Do you have your eclipse glasses? A hotel reservation? An alternate travel plan just in case it’s cloudy in Wyoming -- or wherever you hope to see the eclipse?

If you've missed the memo, don't worry. I'm your guide for the 2017 total solar eclipse. Here's everything you need to know -- and a few things you didn’t know you needed to know and, well, a few random bits of cool.

It's Here! Finally!

Monday, Aug. 21 is the day, and the eclipse is crossing over North America. NASA is providing a live video feed of the event as it happens. If you can't get out to see it in person, you can watch it right here.


And if you can get outside to see the big event, here's some tips to help you enjoy it.

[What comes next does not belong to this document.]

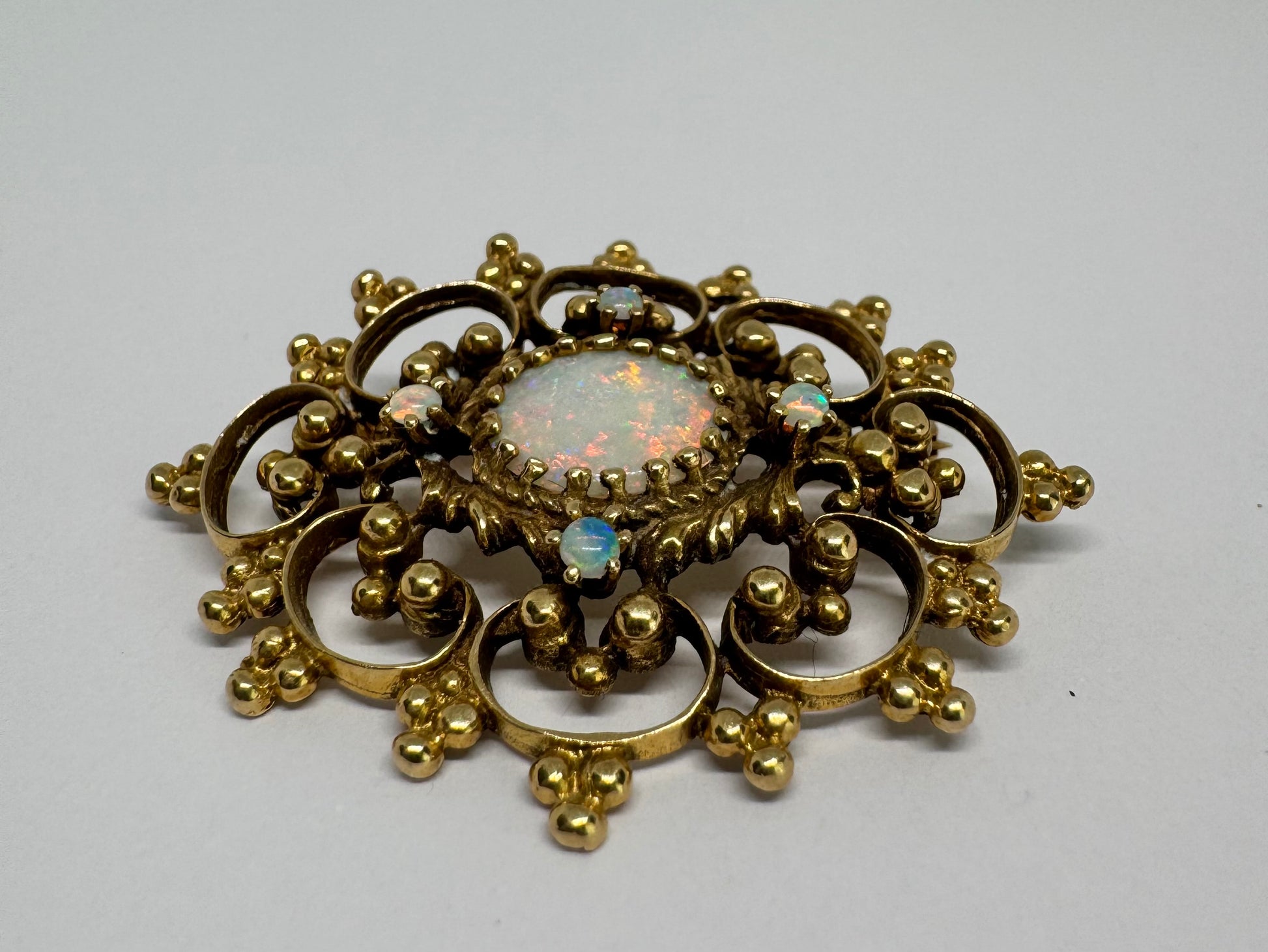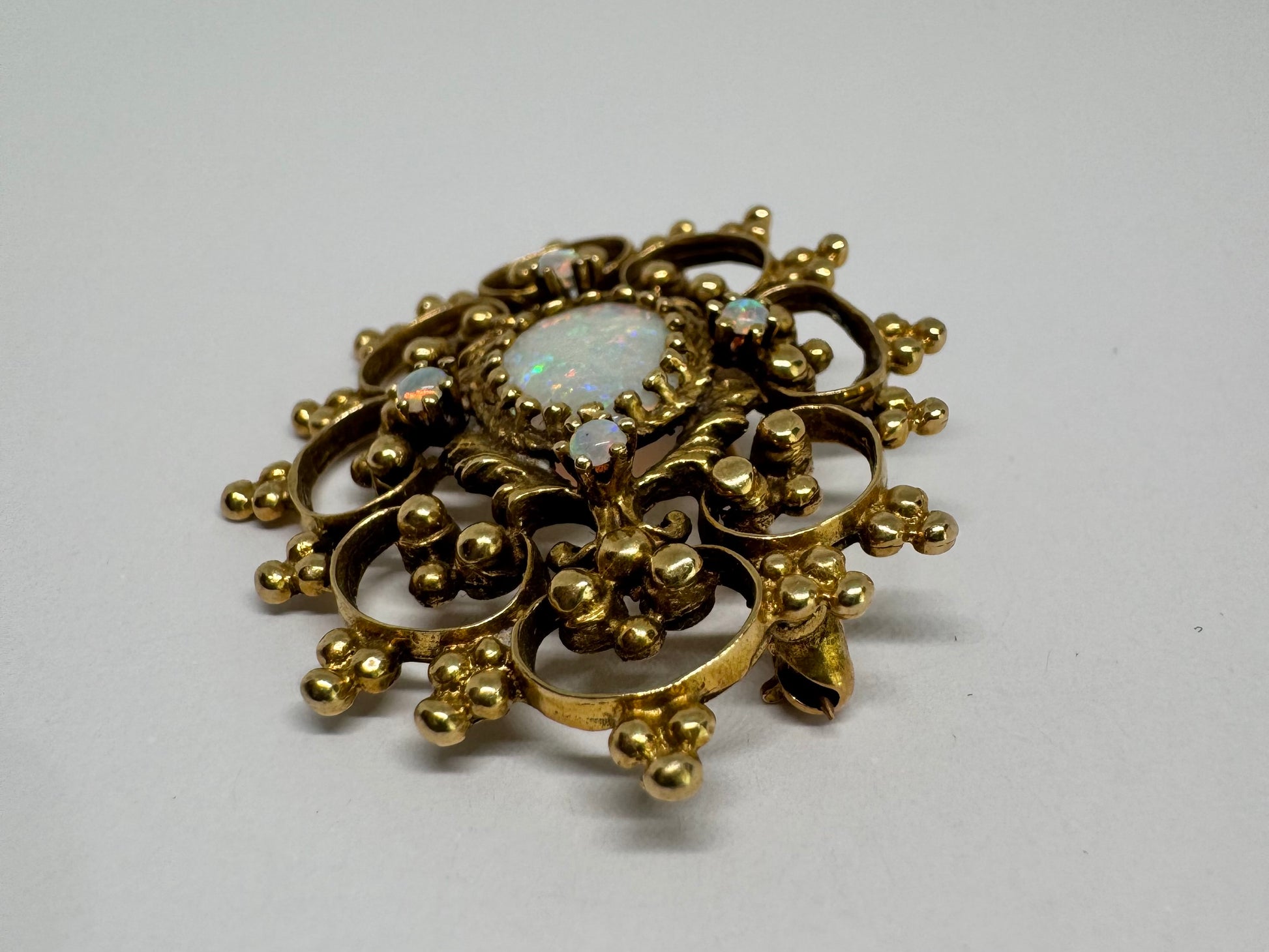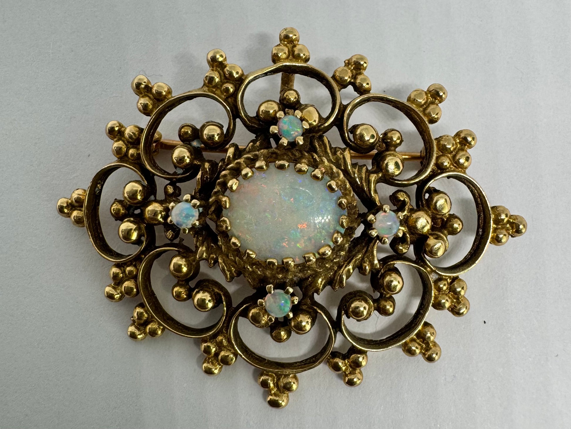 סיכת זהב צהוב 14 קראט משובצת אבני אופל

Enlighten Yourself On The 2017 Total Solar Eclipse

First, check out KUNC reporter Jackie Fortier’s work. She breaks down the nuts and bolts of the big event. Find out exactly what makes the solar eclipse interesting where exactly you can go to be in the path of totality. As I mentioned, don’t forget to check the weather and have a Plan B just in case of, you know, rain.

The most important thing you need to enjoy the solar eclipse is a pair of eclipse glasses. To make sure yours will protect your eyes, look for International Safety Standard No. (ISO) 12312-2 printed on the glasses somewhere. If you find that difficult to remember, here’s a trick I use: highlight the number and paste it in an email or text to yourself. Or screenshot this page. When you’ve got your glasses in hand, you can check the number that way.

Credit Science Friday
Science Friday

Don't Enlighten Your Pets

While their humans can take safety precautions and make good use of tools for a safe, happy eclipse, pets don't have hands and have a hard time with eclipse glasses. Jennie Willis, an animal behavior expert with Colorado State University, has some tips to keep your animal safe.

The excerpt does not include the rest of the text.